Ochs espera que o aperto da pala de sol não cause problemas.

“A melhor coisa sobre as operações é enfadonha e é o que esperamos para os próximos três dias, é enfadonha”, disse ele a repórteres em uma teleconferência.

Se for verdade, o espelho folheado a ouro do telescópio – com mais de 6,5 metros – pode se desdobrar já neste fim de semana.

Webb deve chegar ao seu destino a 1 milhão de milhas (1,6 milhão de km) de distância até o final de janeiro. Na segunda-feira, o telescópio estava na metade do caminho. O telescópio infravermelho deve começar a observar o universo até o final de junho, finalmente revelando as primeiras estrelas e galáxias que se formaram no universo 13,7 bilhões de anos atrás. Isso é apenas 100 milhões de anos após o Big Bang que criou o universo.

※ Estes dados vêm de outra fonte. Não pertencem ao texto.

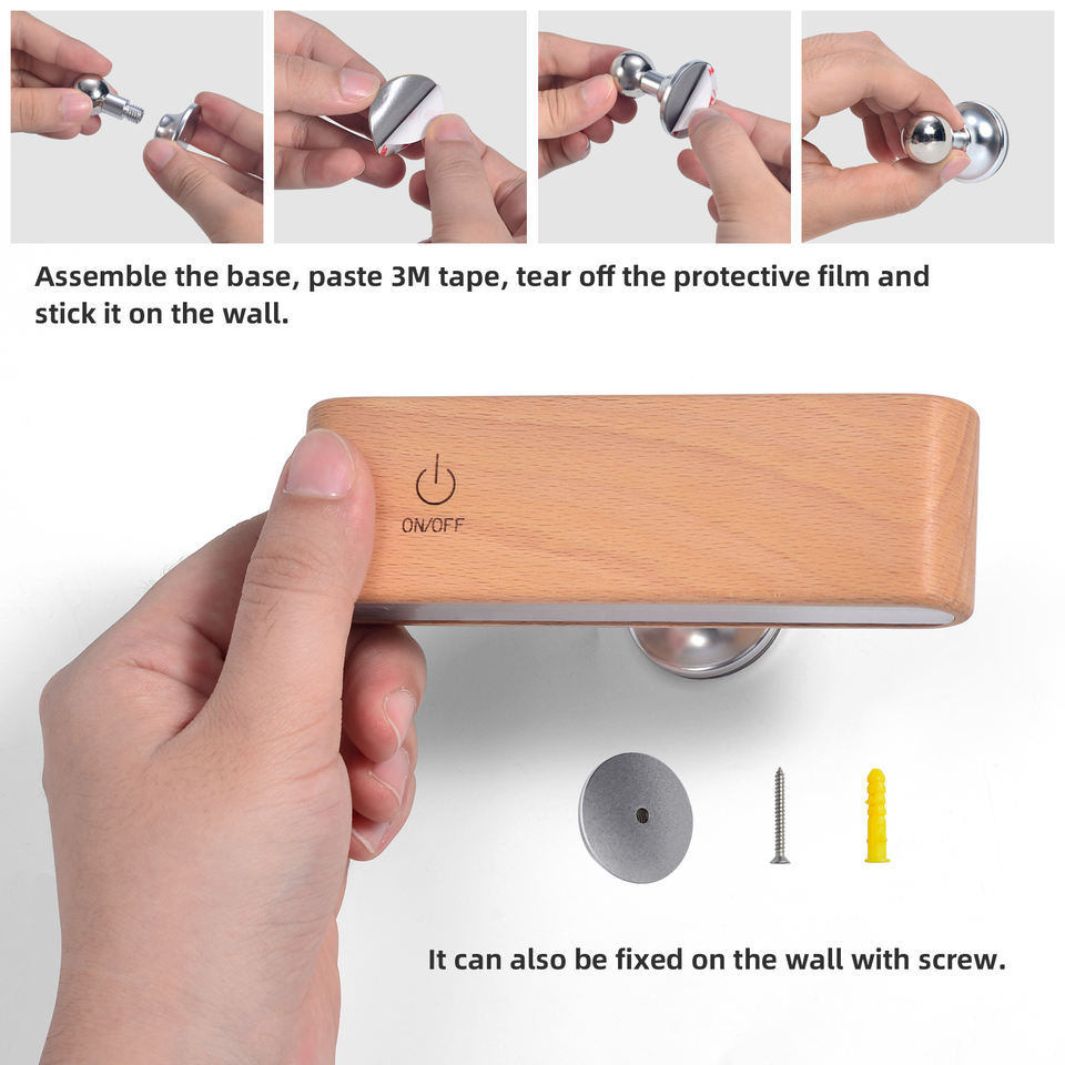 Appliques murales à LED rechargeables par USB Appliques magnétiques rotatives à 360 degrés alimentées par piles pour la lecture dans la chambre à coucher

Lançado em 1990, o Hubble, que vê principalmente a luz visível, é visível há 13,4 bilhões de anos. Os astrônomos esperam preencher essa lacuna com Webb, que é 100 vezes mais poderoso.

Em outra boa notícia na segunda-feira, as autoridades disseram que esperam que Webb dure além dos 10 anos originalmente esperados com base na eficiência de combustível.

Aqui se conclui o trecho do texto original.